1Downloadable along with CUDA at http://developer.nvidia.com/cuda-downloads.

Parallel Nsight for Microsoft Visual Studio

Parallel Nsight is the debugging and analysis tool that NVIDIA provides for Microsoft developers; it installs as a plug-in within Microsoft Visual Studio. Parallel Nsight allows both debugging and analysis on the machine as well as on remote machines, which can be located at a customer's site. Be aware that the capabilities of Parallel Nsight vary with the hardware configuration, as can be seen in Table 3.2.
Table 3.2 Parallel Nsight Capabilities According to Machine Configuration
Hardware ConfigurationSingle-GPU SystemDual-GPU SystemTwo Systems, Each with a GPUDual-GPU System SLI MultiOS
CUDA C/C++ Parallel Debugger
Direct3D Shader Debugger
Direct3D Graphics Inspector
Analyzer
The following discussion highlights only a few features of Parallel Nsight as part of our analysis of nlpcaNM.cu. Parallel Nsight is an extensive package that is growing and maturing quickly. The most current information—including videos and user forums—can be found on the Parallel Nsight web portal (http://www.nvidia.com/ParallelNsight) as well as in the help section in Visual Studio.

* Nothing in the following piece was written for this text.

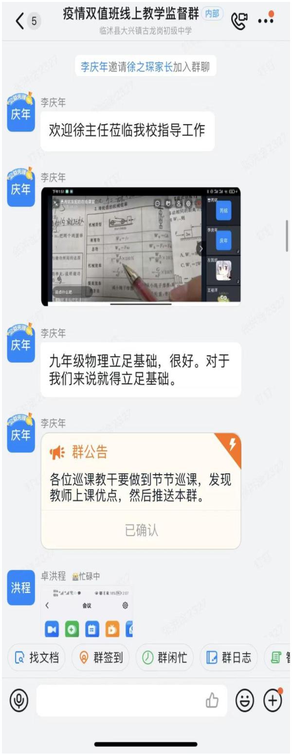 众志成城防疫守护岁月静好——古龙中学线上教学巡课纪实 停课是对生命的保护,不停学是对梦想的追求,博学而不穷,笃行而不倦!孩子的成长只有一次,线上教学会让我们体会到什么是“陪伴”——线上,有我们全体老师的“空中课堂”“线上答疑”“居家指导”;线下,有我们家长的用心呵护、温馨陪读和督促检查。让我们共同努力,同心战“疫”,春天会如约而至,当然,还有疫情过后平安的我们。

The Nsight Timeline Analysis

As can be seen in Trace timeline in Figure 3.7, Parallel Nsight provides a tremendous amount of information that is easily accessible via mouseover and zooming operations, as well as various filtering operations. Given the volume of information available in these traces, it is essential to know that regions of the timeline can be selected by clicking the mouse on the screen at a desired starting point of time. A vertical line will appear on the screen. Then press the Shift key and move the mouse (with the button pressed) to the end region of interest. This action will result in a gray overlay, as shown in Figure 3.7. A nice feature is that the time interval for the region is calculated and displayed.
B9780123884268000033/f03-07-9780123884268.jpg is missing
Figure 3.7
Parallel Nsight timeline.
The timeline can be used to determine if the application is CPU-bound, memory-bound, or kernel-bound:
CPU-bound: There will be large areas where the kernel is shown to be running.
PCIe transfer–limited: Kernel execution is blocked while waiting on memory transfers to or from the device, which can be seen by looking at the Memory row. If much time is being spent waiting on memory copies, consider using the Streams API to pipeline the application. This API allows data transfers and kernel execution to overlap. Before modifying code, compare the duration of the transfers and kernels to ensure that a performance gain will be realized.
Kernel-bound: If the majority of the application time is spent waiting on kernels to complete, then switch to the “Profile CUDA” activity and rerun the application to collect information from the hardware counters. This information can help guide the optimization of kernel performance.
Zooming into a region of the timeline view allows Parallel Nsight to provide the names of the functions and methods as sufficient space becomes available in each region, which really helps the readability of the traces.

The NVTX Tracing Library

The NVTX library provides a powerful way to label sections of the computation to provide an easy-to-follow link to what the actual code is doing. Annotating Parallel Nsight traces can greatly help in understanding what is going on and provide information that will be missed by other CUDA tracing tools.
The simplest two NVTX methods are:
nvtxRangePushA(char*): This method pushes a string on the NVTX stack that will be visible in the timeline. Nested labels are allowed to annotate asynchronous events.
nvtxRangePop(): Pop the topmost label off the stack so that it is no longer visible on the timeline trace.
The nvToolsExt.h header file is included in those source files that use the NVTX library. In addition, the 32- or 64-bit version of the nvToolsExt library must be linked with the executable. The simplicity of these library calls is shown in Example 3.10, “NVTX Instrumented Transform_Reduce,” to annotate the thrust::transform_reduce call in nlpcaNM.cu:
nvtxRangePushA("Transform Reduce");
Real sum = thrust::transform_reduce(
thrust::counting_iterator<unsigned int>(0),
thrust::counting_iterator<unsigned int>(nExamples),
getError,
(Real) 0.,
thrust::plus<Real>());
nvtxRangePop();
Figure 3.7 is a screenshot showing the amount of detail that is available on a timeline trace. This timeline shows three transform_reduce operations. The middle operation has been highlighted in gray to help separate the three annotated operations. The traces at the top show GPU activity and API calls; the bottom traces show activity on the system and related to the application on all the multiprocessor cores.
Parallel Nsight makes excellent use of color to help with interpretations, which is not shown in this grayscale image. A large monitor is suggested when using Parallel Nsight, as the timeline contains much information, including labels and scrollable, interactive regions.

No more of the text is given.